TASK DETAILS: Please retype the data below exactly, stopping after the line with "Custom Framed Justin" and skipping every picture.

DATA PROVIDED:

= Beginning of Section =

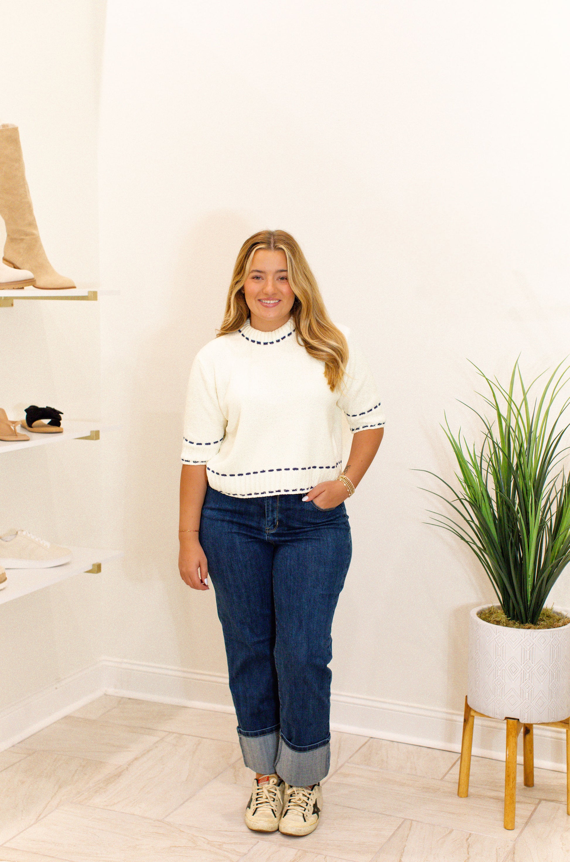 This short sleeve top features elegant navy stitching crafted from a soft blend of 85% acrylic and 15% nylon, ensuring durability and comfortable wear. Designed to enhance your everyday style, its lightweight fabric offers breathability while maintaining shape and color. Perfect for layering or wearing on its own, this top combines subtle detailing with lasting comfort for a polished, effortless look.
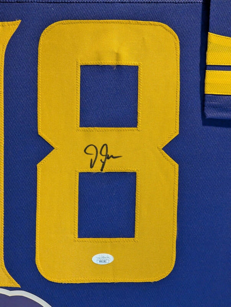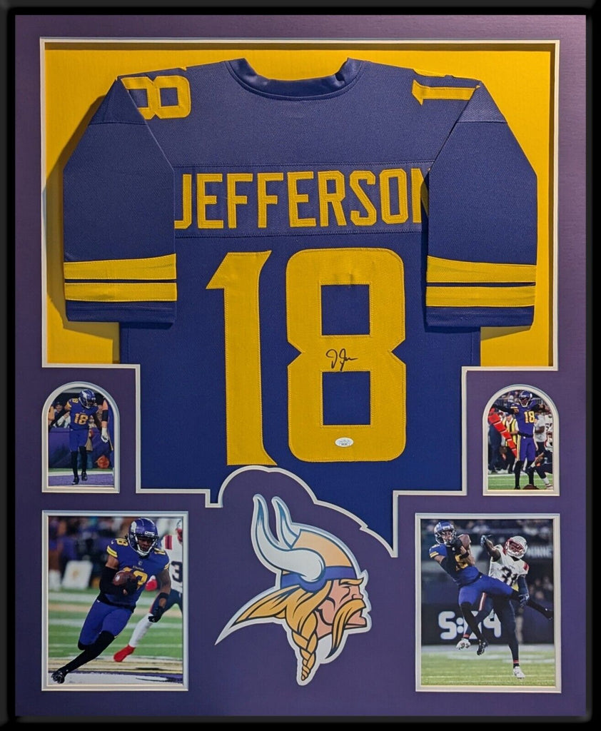 Custom Framed Justin Jefferson hand signed Minnesota Vikings style custom jersey.JSA Hologram and COAThe authentication is from JSA. This signature is authenticated by a representative of JSA! 100% AUTHENTIC!!! The jersey has fully stitched numbers on the front and back. It is a great item and a must for all great sports fans!Stock photos are used for auctions. Will receive equal quality.This item is professionally framed, it measures 32"x40" inside , 42"x34" outside , using UV protective Acrylic glass for safe keeping and safe transport, team color matting, black moulding and hanging hooks on the back. All additional items in frame seen in pictures included. 100% ready to hang in your fan cave.
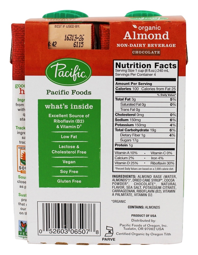 Com Pacífico Alimentos Orgânico Amêndoa Leite Chocolate eles tomar orgânico amêndoas e adicionar um suave assado para permitir seu natural sabor para brilhar através. O resultado é o sabor da assinatura que é um prazer beber no copo e combina perfeitamente com as suas receitas.
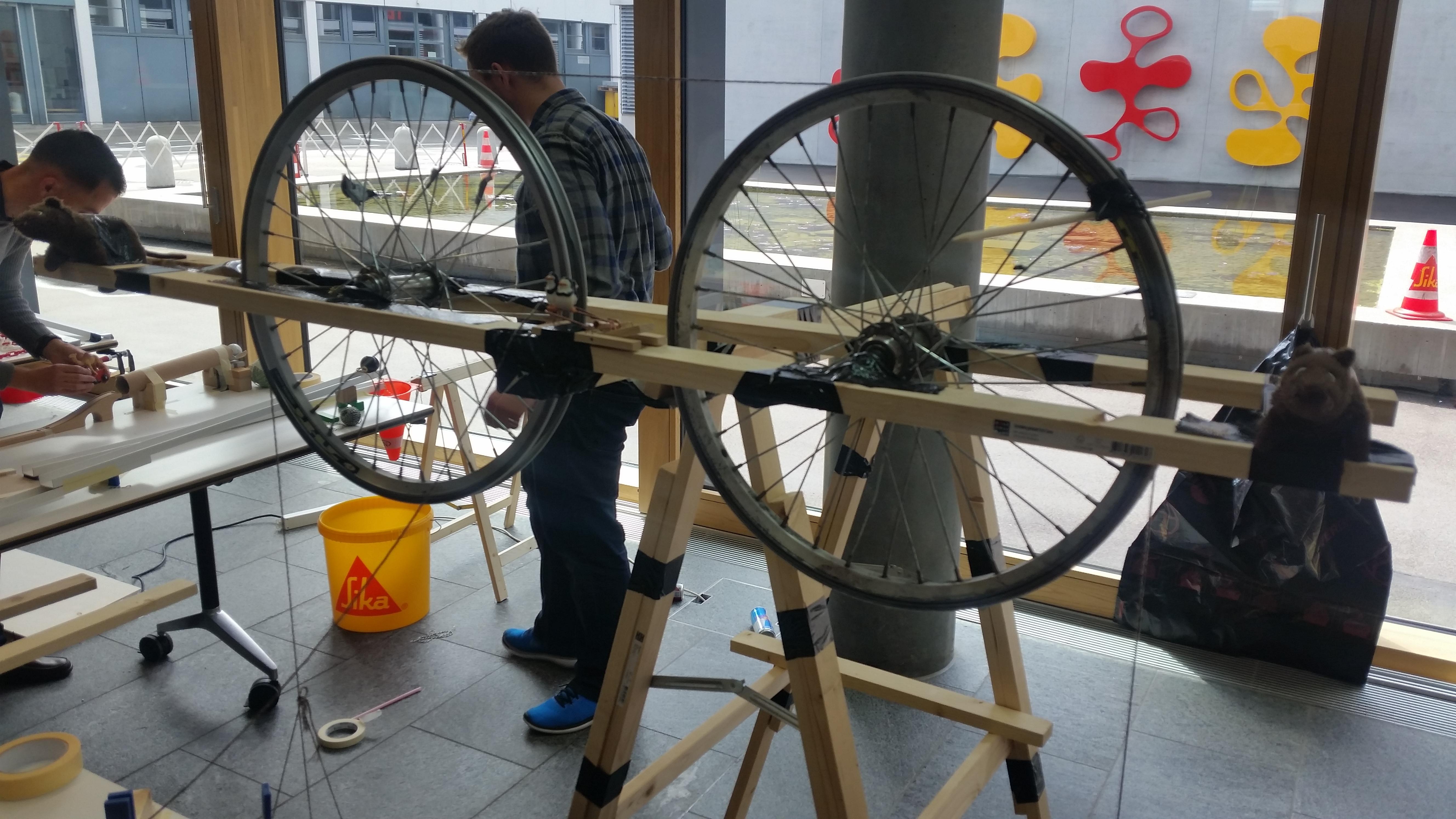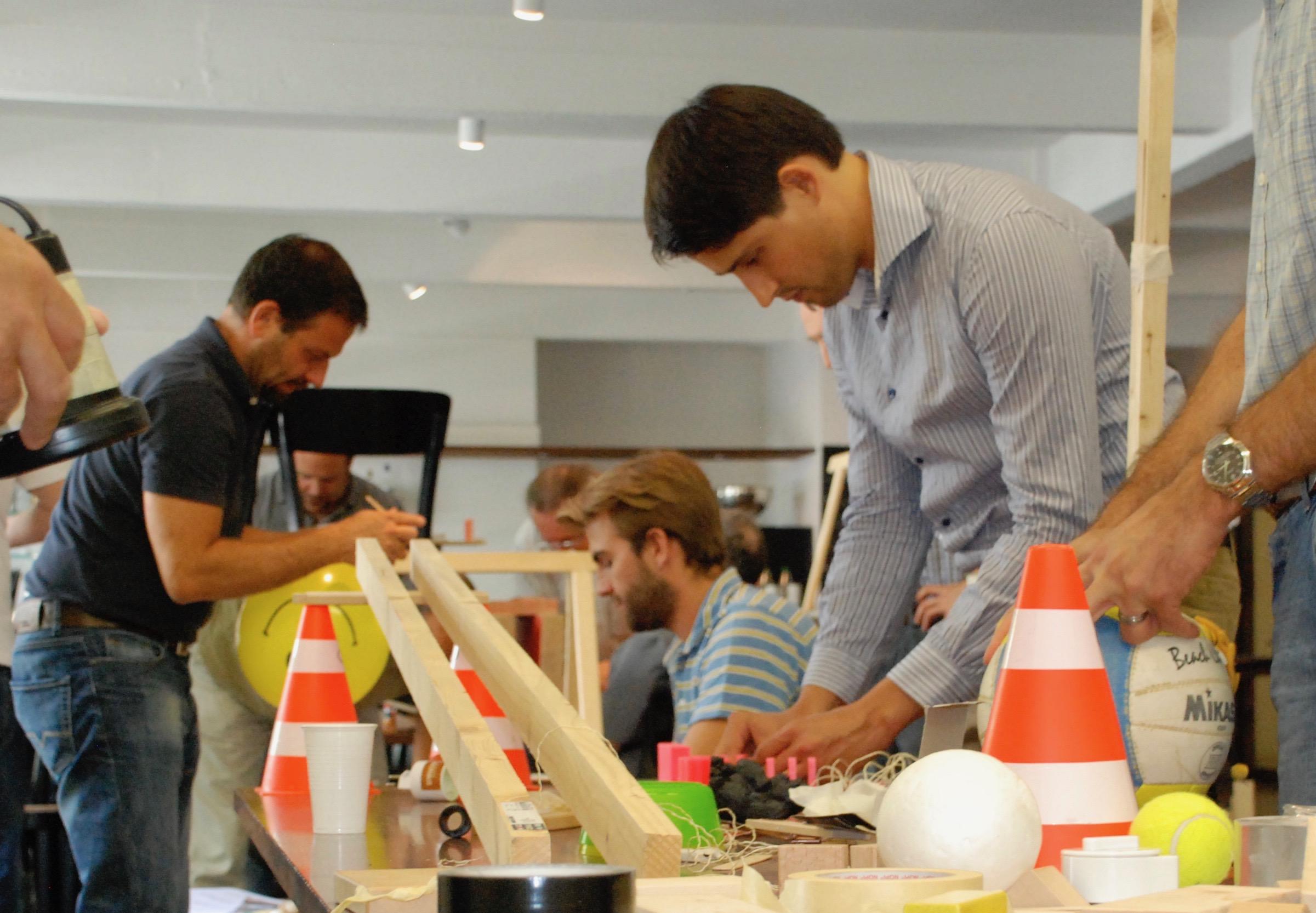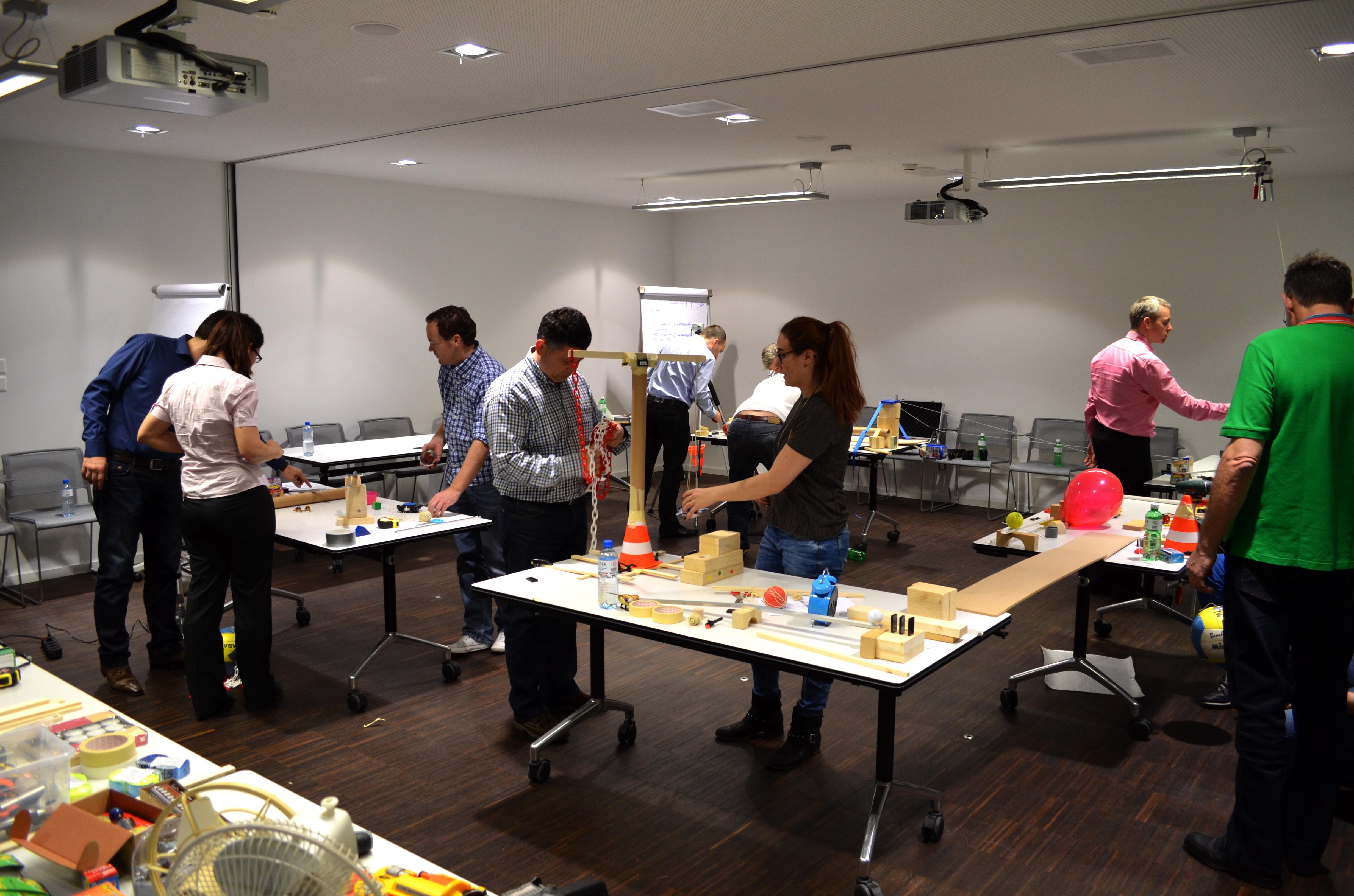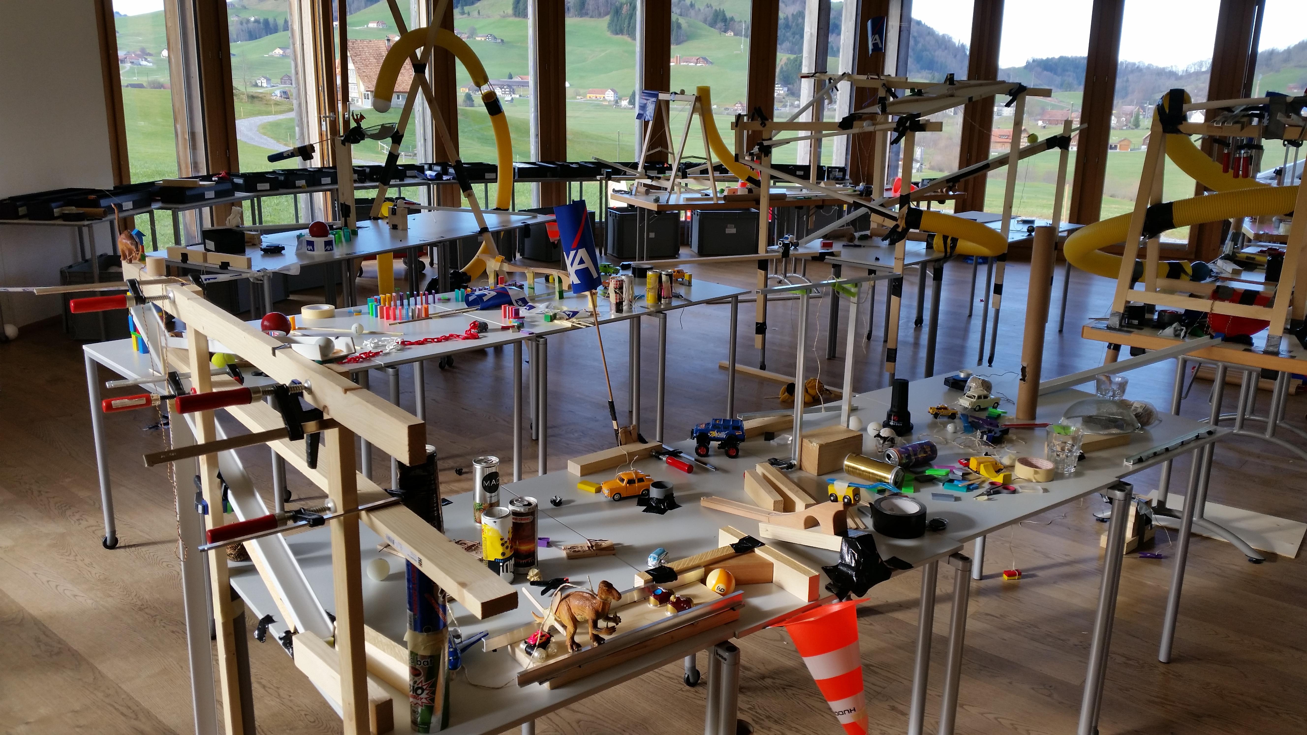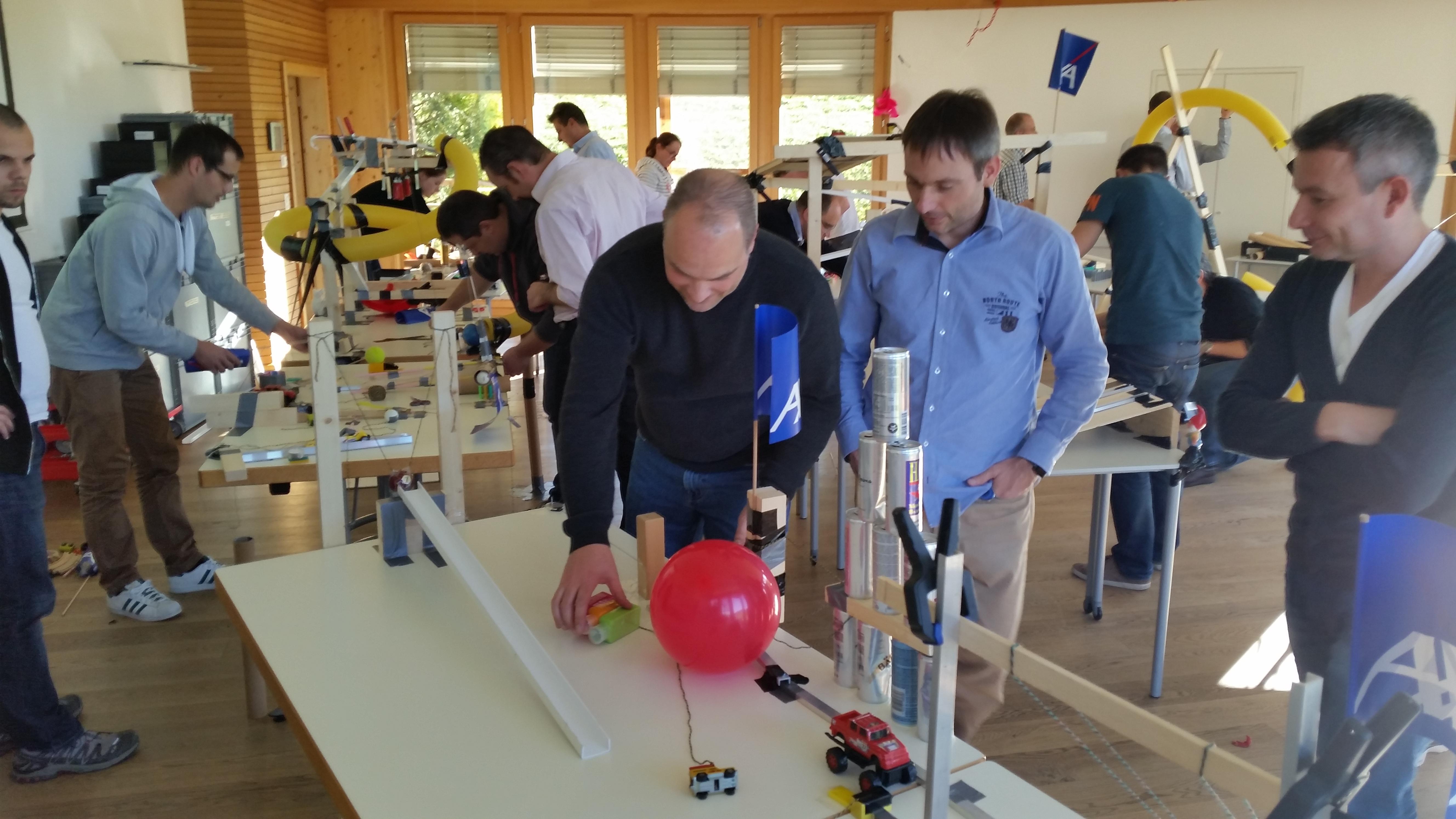 The workshop can take place wherever you like: at your company, in a seminar hotel, a production hall or even outside in good weather. We will bring along a wide variety of materials. In the course of three hours, groups of four will work together to build a section of the chain reaction. The interfaces are then discussed and built together with the two neighbouring teams. Each chain reaction has a specific task. Normally, the last group triggers a team photo of all the participants. But the chain reaction can also reveal a product or a new building, cut a ribbon at the groundbreaking ceremony, inflate a large cake at the company anniversary, and so on.

= End of Section =

RESULT OF THIS TASK:
 This short sleeve top features elegant navy stitching crafted from a soft blend of 85% acrylic and 15% nylon, ensuring durability and comfortable wear. Designed to enhance your everyday style, its lightweight fabric offers breathability while maintaining shape and color. Perfect for layering or wearing on its own, this top combines subtle detailing with lasting comfort for a polished, effortless look.
 Custom Framed Justin Jefferson hand signed Minnesota Vikings style custom jersey.JSA Hologram and COAThe authentication is from JSA. This signature is authenticated by a representative of JSA! 100% AUTHENTIC!!! The jersey has fully stitched numbers on the front and back. It is a great item and a must for all great sports fans!Stock photos are used for auctions. Will receive equal quality.This item is professionally framed, it measures 32"x40" inside , 42"x34" outside , using UV protective Acrylic glass for safe keeping and safe transport, team color matting, black moulding and hanging hooks on the back. All additional items in frame seen in pictures included. 100% ready to hang in your fan cave.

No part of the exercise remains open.